▸ Problem requirements
Return, exactly as written, the lines of the material from its top through the line with "Elena Damiani's floor", keeping pictures out.
Supplied data below:
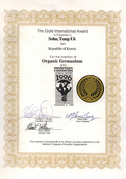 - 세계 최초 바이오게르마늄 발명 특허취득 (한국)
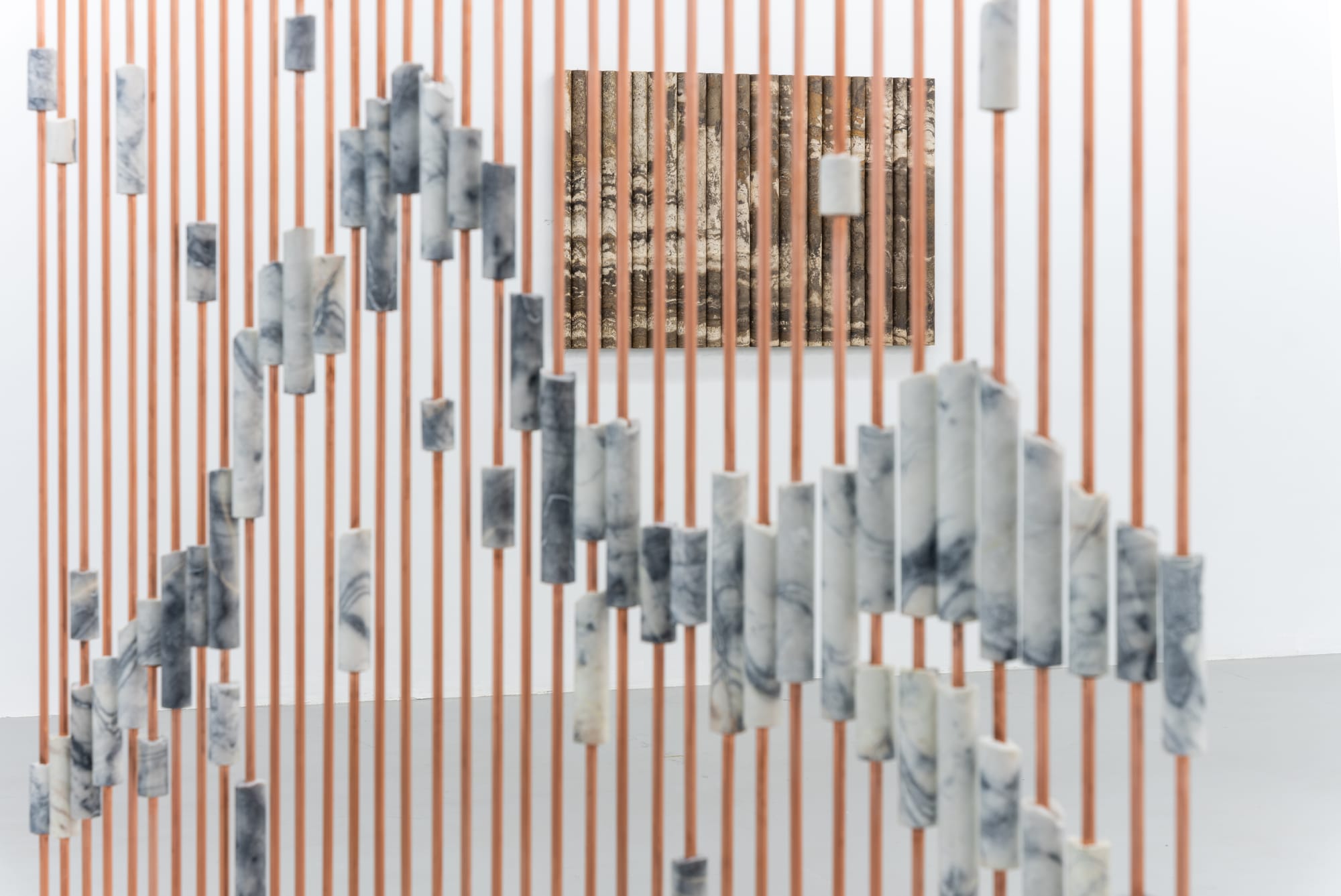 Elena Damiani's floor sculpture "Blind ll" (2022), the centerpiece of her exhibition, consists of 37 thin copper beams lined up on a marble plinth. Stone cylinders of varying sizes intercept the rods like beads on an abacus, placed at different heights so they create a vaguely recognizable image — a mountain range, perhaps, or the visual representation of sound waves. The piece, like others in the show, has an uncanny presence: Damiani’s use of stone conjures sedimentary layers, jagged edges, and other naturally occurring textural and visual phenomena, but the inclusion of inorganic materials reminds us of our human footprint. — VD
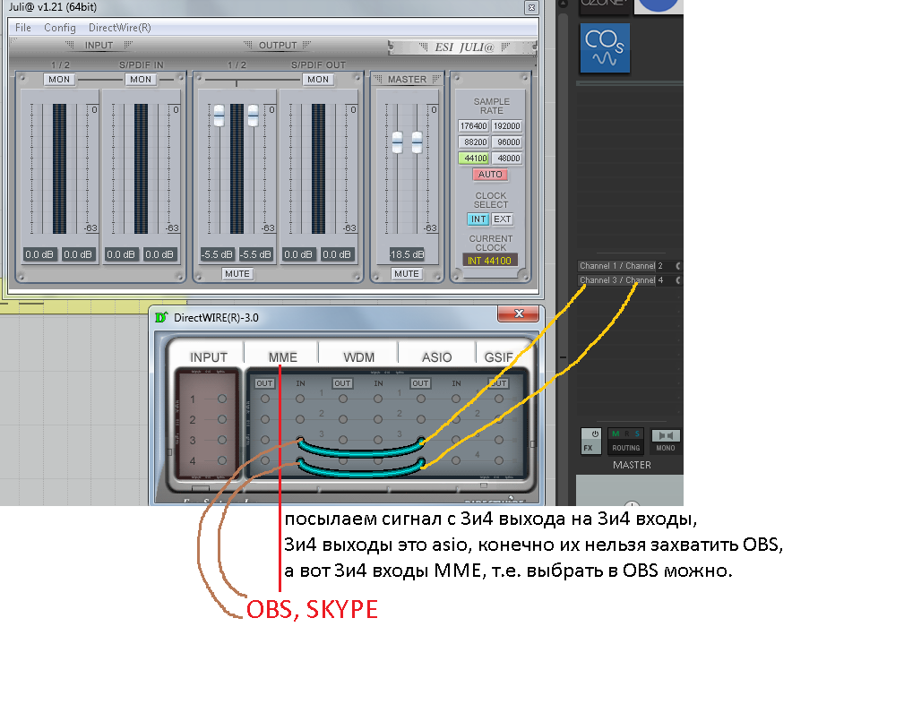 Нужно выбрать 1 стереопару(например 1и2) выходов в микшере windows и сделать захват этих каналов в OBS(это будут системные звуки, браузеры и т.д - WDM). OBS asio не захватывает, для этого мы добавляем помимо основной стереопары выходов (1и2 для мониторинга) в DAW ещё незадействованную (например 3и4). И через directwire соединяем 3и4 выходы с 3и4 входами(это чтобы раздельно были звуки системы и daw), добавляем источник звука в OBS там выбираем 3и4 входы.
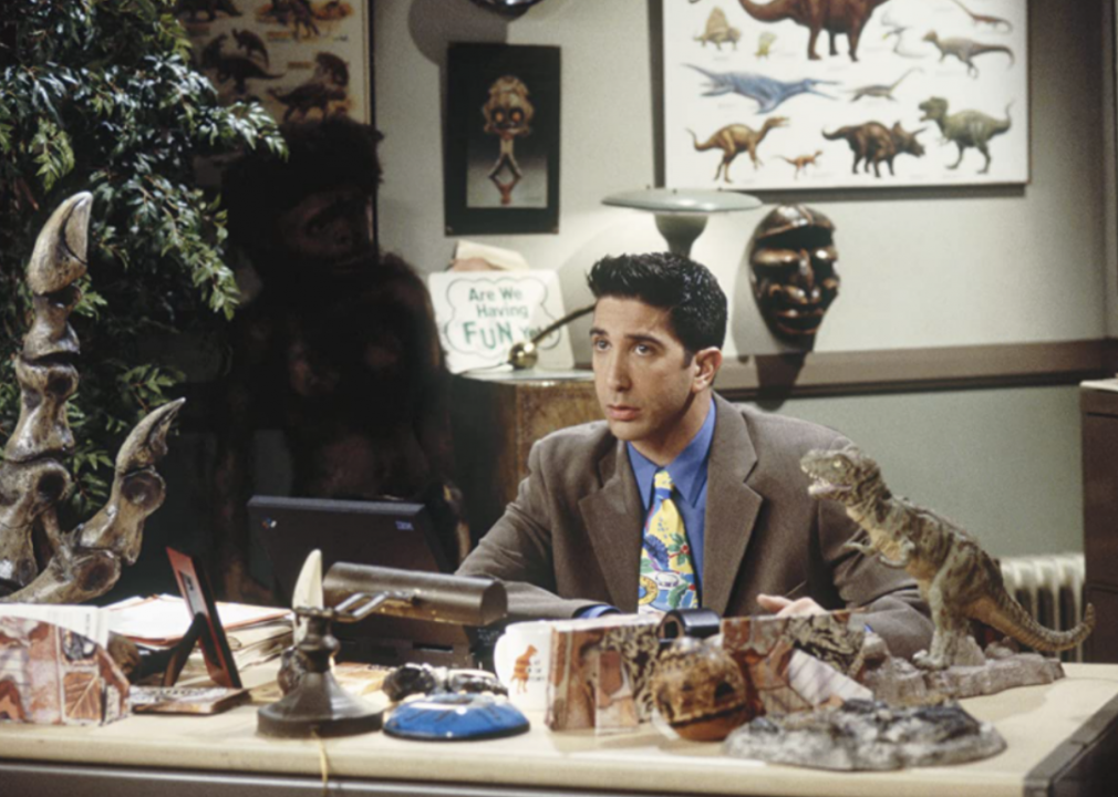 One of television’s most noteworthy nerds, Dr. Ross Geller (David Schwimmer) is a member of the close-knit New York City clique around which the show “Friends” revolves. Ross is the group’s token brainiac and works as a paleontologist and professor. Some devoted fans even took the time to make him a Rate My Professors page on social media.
End of Supplied data.
▸ Expected answer
 - 세계 최초 바이오게르마늄 발명 특허취득 (한국)
 Elena Damiani's floor sculpture "Blind ll" (2022), the centerpiece of her exhibition, consists of 37 thin copper beams lined up on a marble plinth. Stone cylinders of varying sizes intercept the rods like beads on an abacus, placed at different heights so they create a vaguely recognizable image — a mountain range, perhaps, or the visual representation of sound waves. The piece, like others in the show, has an uncanny presence: Damiani’s use of stone conjures sedimentary layers, jagged edges, and other naturally occurring textural and visual phenomena, but the inclusion of inorganic materials reminds us of our human footprint. — VD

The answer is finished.